Supreme Court Ruling Not Enough To Prevent Debtors Prisons
Debtors prisons were outlawed in the United States nearly 200 years ago. And more than 30 years ago, the U.S. Supreme Court made it clear: Judges cannot send people to jail just because they are too poor to pay their court fines.
That decision came in a 1983 case called Bearden v. Georgia, which held that a judge must first consider whether the defendant has the ability to pay but "willfully" refuses.
However, the Supreme Court didn't tell courts how to determine what it means to "willfully" not pay. So it's left to judges to make the sometimes difficult calculations.

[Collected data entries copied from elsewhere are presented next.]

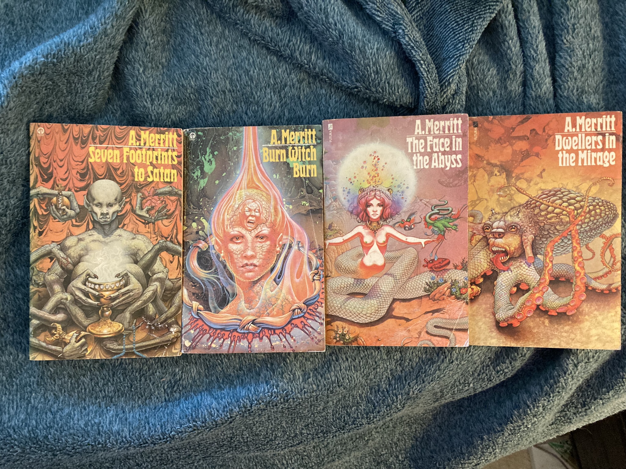 A couple of months ago, I happened to think to myself that I needed to track down and read the few Merritt novels that I haven’t read yet, and as if he was reading my mind, that very day Wayne of Wayne’s Books put up a slew of lovely Merritt editions for sale. I bought quite a few, such as this four-pack: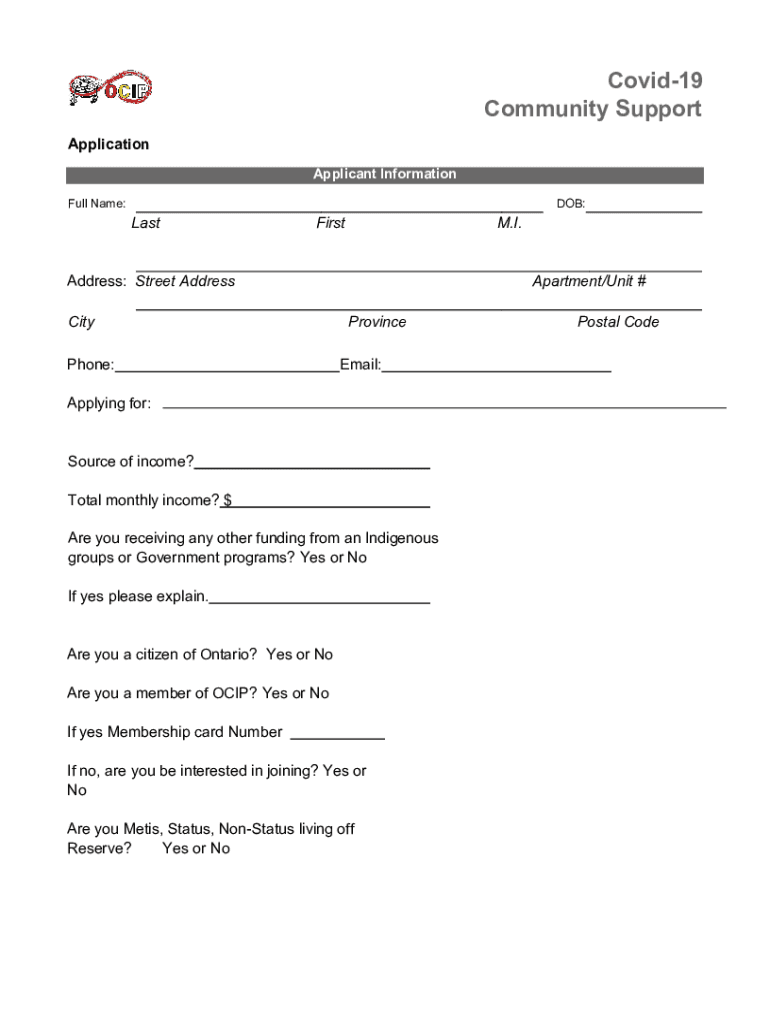 Covid19 Community Support Application Applicant Information Full Name:DOB:LastFirstM.I.Address: Street Address City Phone:Apartment/Unit # Province Email:Applying for: Source of income? Total monthly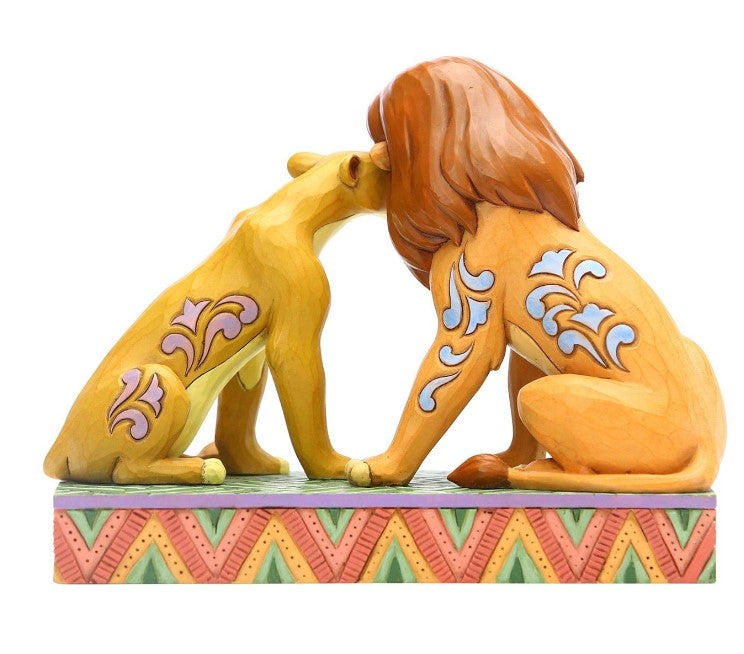 These two lions decorated in folksy Jim Shore rosemaling are an essential and precious piece to your Disney collection. Simba and Nala, childhood friends, fell in love in the jungle. Feel the Savannah love every night with this tender scene.

An NPR news investigation has found there are wide discrepancies in how judges make those decisions. And every day, people go to jail because they failed to pay their court debts.
In Benton County, Wash., for example, jail records obtained by NPR and sampled over a four-month period in 2013 show that on a typical day, a quarter of the people who were in jail for misdemeanor offenses were there because they had failed to pay their court fines and fees.
Judges say it's difficult to determine who can and cannot afford to pay their fines and fees. Often a probation officer or a court official will make a recommendation based on an interview with the defendant or based on a questionnaire.
Some judges will tell an offender to give up their phone service, or quit smoking cigarettes — and use the money instead to pay court debt.
Some judges will tell people to get the money from family members or to use Temporary Aid to Needy Family checks, Social Security disability income, veterans' benefits or other welfare checks to pay their court fees first — or else face going to jail.
And some defendants simply ignore the court and refuse to make any payment.
Judge Robert Swisher, a Superior Court judge in Benton County, says he'll make judgments based on how people present themselves in court.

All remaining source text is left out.